The U.S. is on its last legs as are several developed nations due to debt. It isn’t one nation in Europe that threatens it but several. Here is it is several of the large GDP states that threaten us and the fact that we are still using the policies that got us into this crisis because, to end them would mean “Depression” now, instead of later.
When you have your own government accountants in both the GAO and CBO saying we are using policies that are unsustainable and the GOA, in writing telling Congress we face the loss of our standard of living AND domestic tranquility.
The loss of domestic tranquility is a nice way of saying riots, looting, rising crime rates and people committing suicide that can no longer get the basic needs for their families. This is how empires normally end and we are following a trend put in place in empires for thousands of years.
The dollar is toast but, we just don’t have the timing. Even if they started doing what was best for the nation, they can’t get out of this without a depression and getting household, corporate, city, state and federal debt down to a manageable level. The last time took 10 year or so. Some think it can be done in five years but, often that doesn’t take into consideration, we have the global reserve currency. That will make it worse for us due to our massive dependence on imports for food, goods, raw materials for our factories, and energy.
The one thing a global economic collapse would mean is that prices on commodities that are used for factories would stop rising and resume the plunge like we saw when the global economy headed down. That would trigger even more stimulus and drive gold up but, the stimulus won’t have even the boost (what little there was) that it did this time.
We better hope the global recovery is real and we do have inflation because that would even help the U.S. from having as bad a depression as we will have because those who prepare for that inflation will be able to keep spending. A default may happen but, isn’t as likely when you have your own debt in your own currency. It is more likely when your debt is held in other currencies.
Gold could easily go down another $80 or so and test the level India bought at and the dollar could rally in price for as long as the euro is going down as it is 57% of the weight the dollar is measured against. With the much higher leverage Europe has, its financial system is at great risk due to several nation that are at high risk.
Gold is an indicator of financial health and currency health and where trends are leading the developed nations and whether gold is very accurate or not, the trends are all bad in the developed nations. Again, they are depending on the emerging markets and their recovery as being real to prop them up. That is why they allowed them into what was the G-7 and is now the G-20. They have to cater to them as more and more economic power shifts to them.

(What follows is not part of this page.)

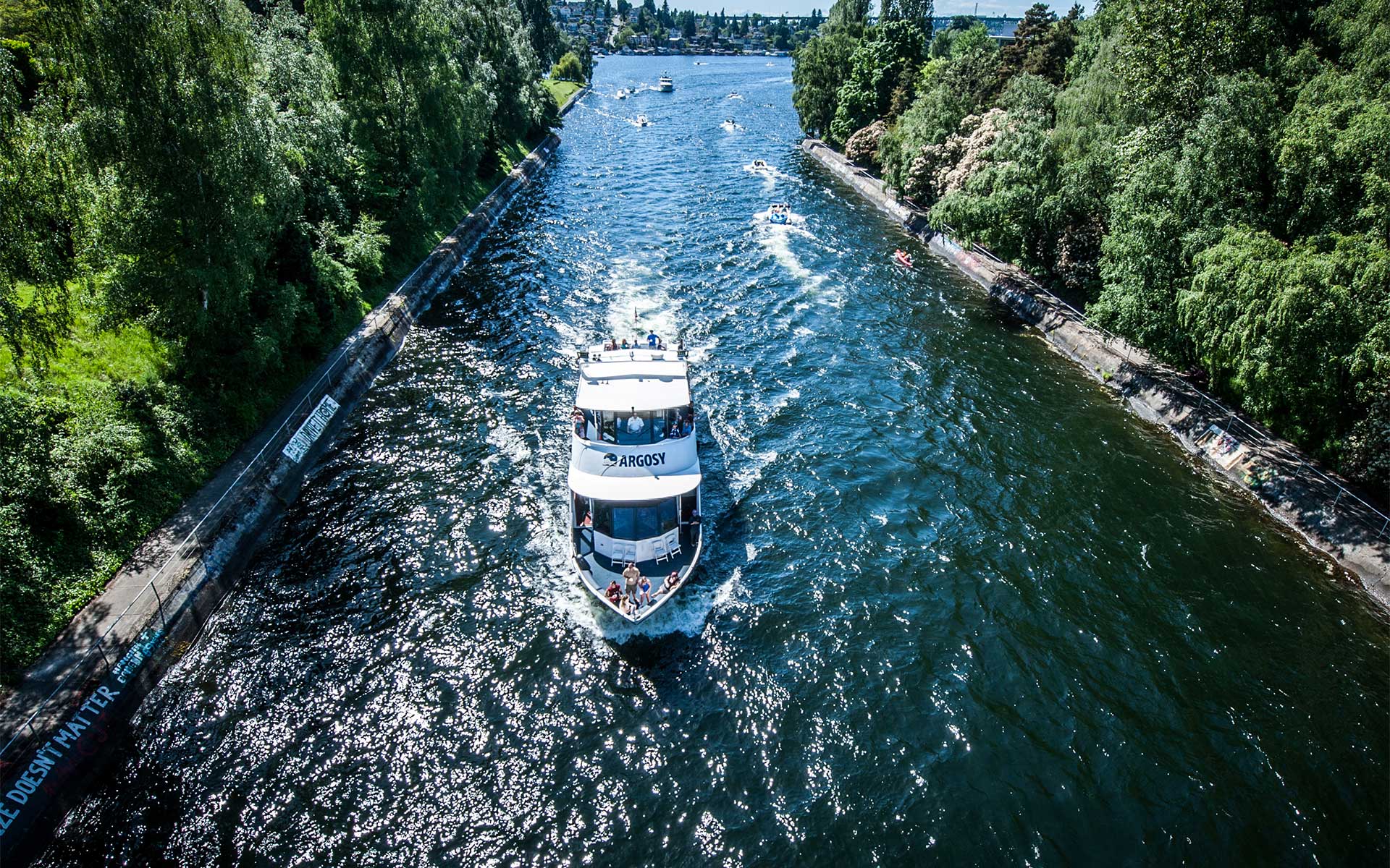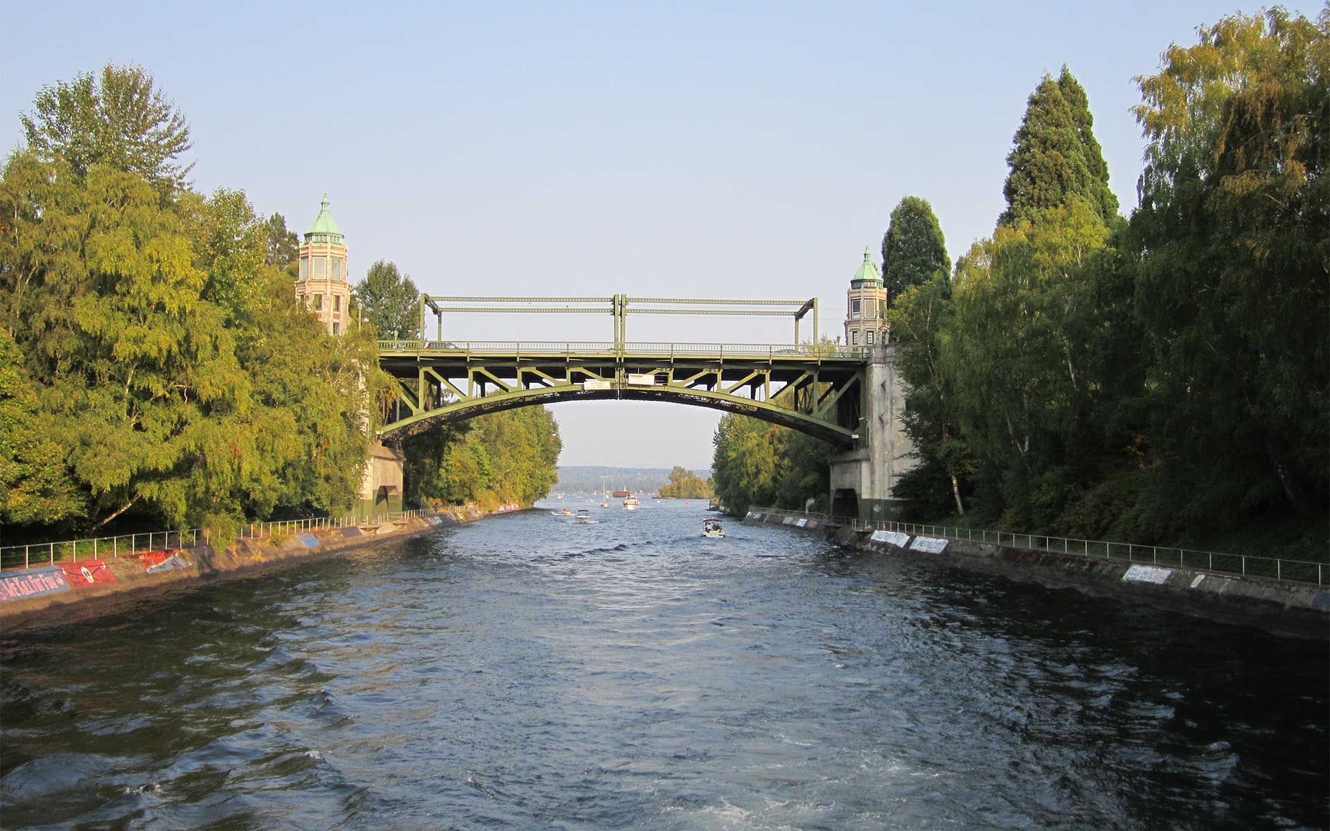 Man-made channel built to connect Lake Union and Lake Washington, completed in 1917. Concrete support walls become covered with graffiti each spring to cheer on crew teams rowing in the Windermere Cup races head in the Cut every first Saturday in May (Opening Day).

It is the emerging markets that will determine global prices of foods, goods, and services here and in other developed nations not our demand or Europe’s demand. They have already passed the total consumption of oil in developed nations and are the main reason the IEA has been raising demand forecasts for 2010 and beyond. A global downturn will make all those forecasts look silly but, if the global recovery is real, it will make our citizens all the more miserable and continue to erode paychecks.
Also, according to analysts I have read, 20% corrections in commodities is normal and to be expected from time to time in their 20 year bull runs.